• **Working data**:
##########

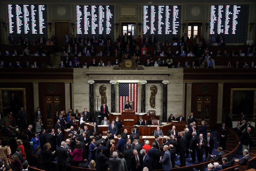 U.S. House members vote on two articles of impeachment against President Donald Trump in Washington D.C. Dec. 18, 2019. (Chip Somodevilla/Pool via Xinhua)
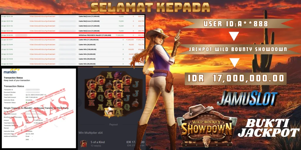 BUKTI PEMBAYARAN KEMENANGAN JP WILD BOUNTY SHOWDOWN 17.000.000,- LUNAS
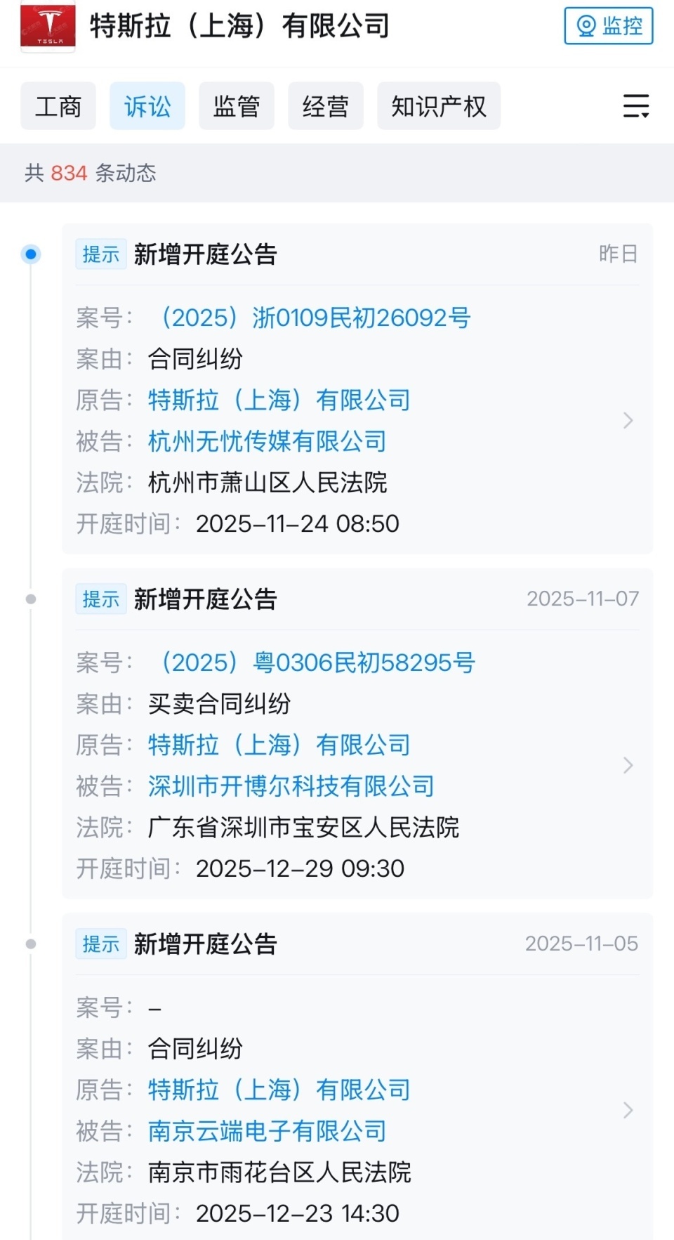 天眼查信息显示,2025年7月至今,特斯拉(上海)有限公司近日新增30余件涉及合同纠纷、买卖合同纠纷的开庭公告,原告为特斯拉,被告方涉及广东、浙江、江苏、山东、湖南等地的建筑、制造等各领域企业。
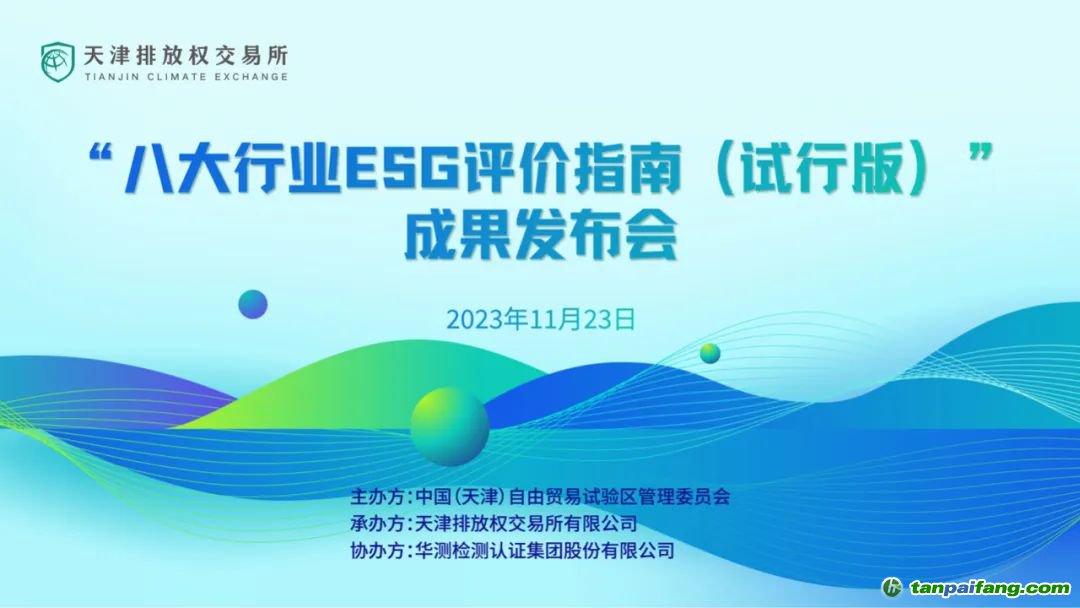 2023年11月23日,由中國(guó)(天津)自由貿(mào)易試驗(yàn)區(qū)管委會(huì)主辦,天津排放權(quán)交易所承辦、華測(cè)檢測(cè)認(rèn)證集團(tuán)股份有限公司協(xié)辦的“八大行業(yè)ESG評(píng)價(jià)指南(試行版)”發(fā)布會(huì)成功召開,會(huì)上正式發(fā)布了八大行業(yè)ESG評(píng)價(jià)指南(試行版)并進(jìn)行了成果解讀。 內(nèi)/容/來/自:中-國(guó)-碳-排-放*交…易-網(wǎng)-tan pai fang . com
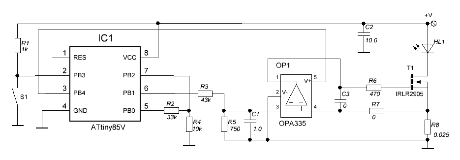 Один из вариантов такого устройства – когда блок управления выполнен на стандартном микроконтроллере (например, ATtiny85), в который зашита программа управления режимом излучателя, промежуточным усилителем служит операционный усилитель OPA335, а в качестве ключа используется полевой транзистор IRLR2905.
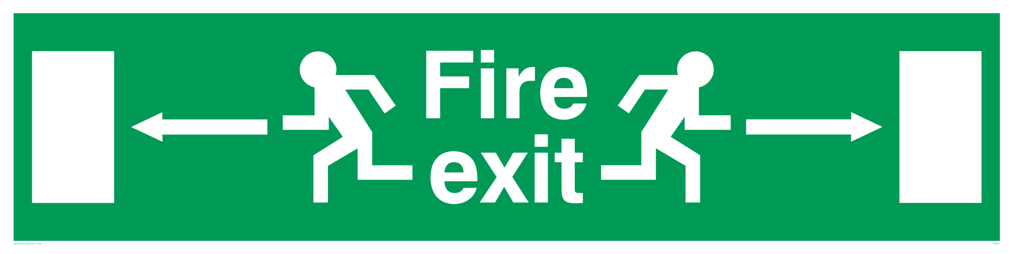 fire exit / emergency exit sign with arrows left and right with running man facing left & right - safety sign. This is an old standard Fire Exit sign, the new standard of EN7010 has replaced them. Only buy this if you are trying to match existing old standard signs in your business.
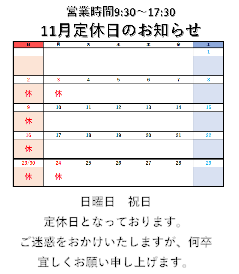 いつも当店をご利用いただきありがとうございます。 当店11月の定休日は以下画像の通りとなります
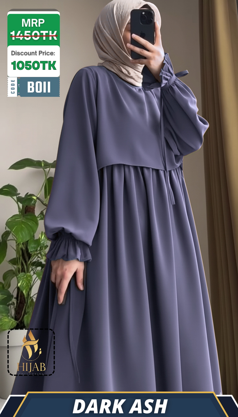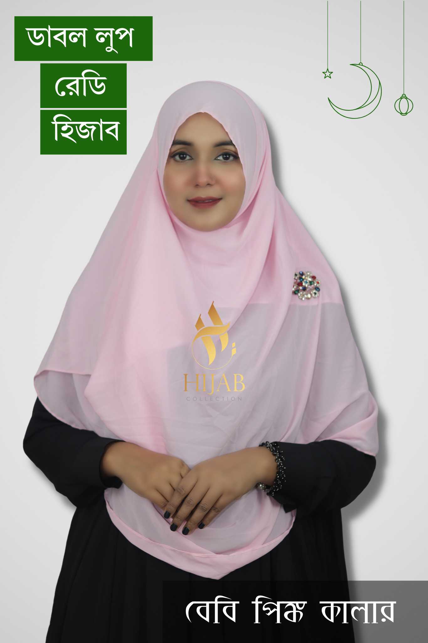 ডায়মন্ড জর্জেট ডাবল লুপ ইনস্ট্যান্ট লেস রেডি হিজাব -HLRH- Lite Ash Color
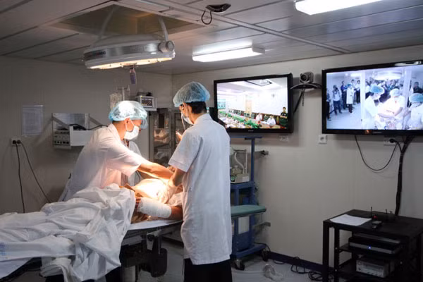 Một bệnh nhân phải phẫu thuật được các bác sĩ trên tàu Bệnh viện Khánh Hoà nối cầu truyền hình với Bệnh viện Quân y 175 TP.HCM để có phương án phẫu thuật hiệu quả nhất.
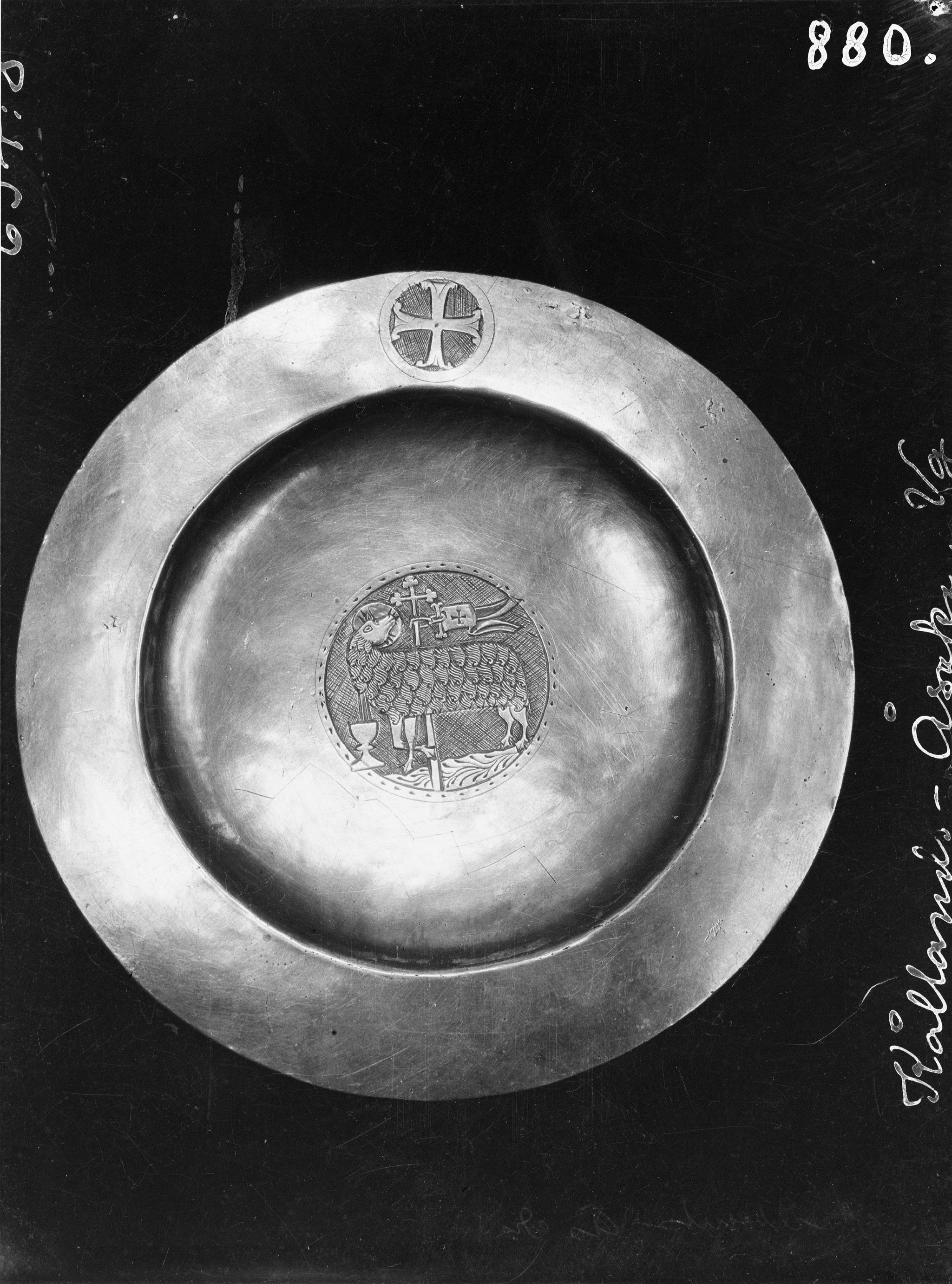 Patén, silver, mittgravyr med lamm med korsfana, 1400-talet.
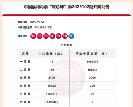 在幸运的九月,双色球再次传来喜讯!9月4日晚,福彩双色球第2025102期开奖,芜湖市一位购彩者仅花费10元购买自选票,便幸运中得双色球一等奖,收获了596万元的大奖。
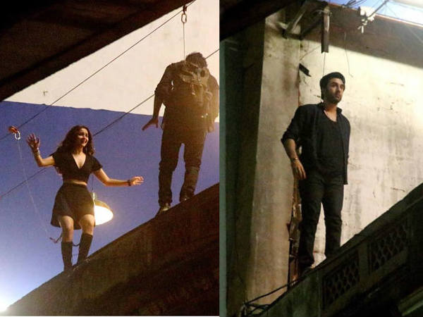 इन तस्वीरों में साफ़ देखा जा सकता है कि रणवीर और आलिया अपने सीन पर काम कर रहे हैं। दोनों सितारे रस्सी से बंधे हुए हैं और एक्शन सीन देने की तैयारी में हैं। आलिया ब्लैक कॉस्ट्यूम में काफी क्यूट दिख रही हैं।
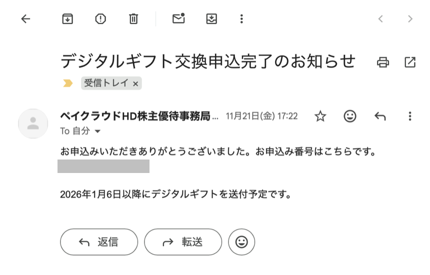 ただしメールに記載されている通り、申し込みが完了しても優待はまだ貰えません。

##########

• **Task brief**: Nothing but the lines from the one containing "在幸运的九月,双色球再次传来" through the end of the listing should be printed, each exactly as it appears and without pictures.

• **Result of the task**:
 在幸运的九月,双色球再次传来喜讯!9月4日晚,福彩双色球第2025102期开奖,芜湖市一位购彩者仅花费10元购买自选票,便幸运中得双色球一等奖,收获了596万元的大奖。
 इन तस्वीरों में साफ़ देखा जा सकता है कि रणवीर और आलिया अपने सीन पर काम कर रहे हैं। दोनों सितारे रस्सी से बंधे हुए हैं और एक्शन सीन देने की तैयारी में हैं। आलिया ब्लैक कॉस्ट्यूम में काफी क्यूट दिख रही हैं।
 ただしメールに記載されている通り、申し込みが完了しても優待はまだ貰えません。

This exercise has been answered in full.